--- PROVIDED DATA ---
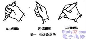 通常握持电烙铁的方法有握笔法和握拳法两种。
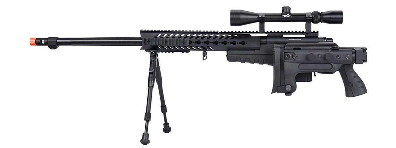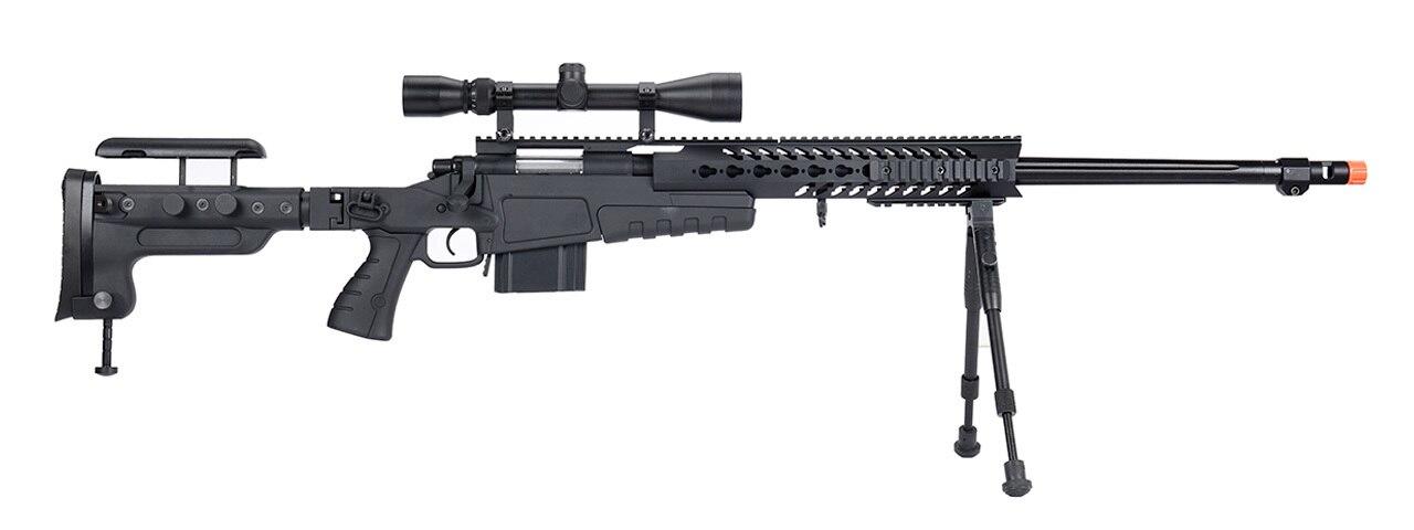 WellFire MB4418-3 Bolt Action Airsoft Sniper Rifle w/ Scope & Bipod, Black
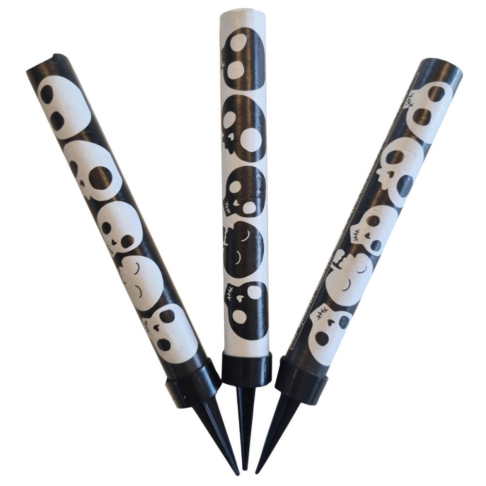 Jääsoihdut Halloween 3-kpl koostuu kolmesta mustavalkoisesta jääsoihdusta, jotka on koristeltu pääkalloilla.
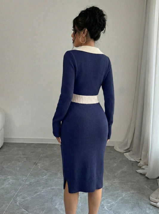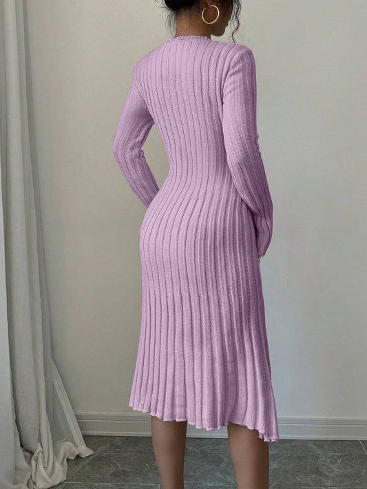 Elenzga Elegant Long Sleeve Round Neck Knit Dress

--- BRIEF ---
Provide a precise transcription of the listing, excluding each picture.

--- OUTPUT FOR THIS TASK ---
 通常握持电烙铁的方法有握笔法和握拳法两种。
 WellFire MB4418-3 Bolt Action Airsoft Sniper Rifle w/ Scope & Bipod, Black
 Jääsoihdut Halloween 3-kpl koostuu kolmesta mustavalkoisesta jääsoihdusta, jotka on koristeltu pääkalloilla.
 Elenzga Elegant Long Sleeve Round Neck Knit Dress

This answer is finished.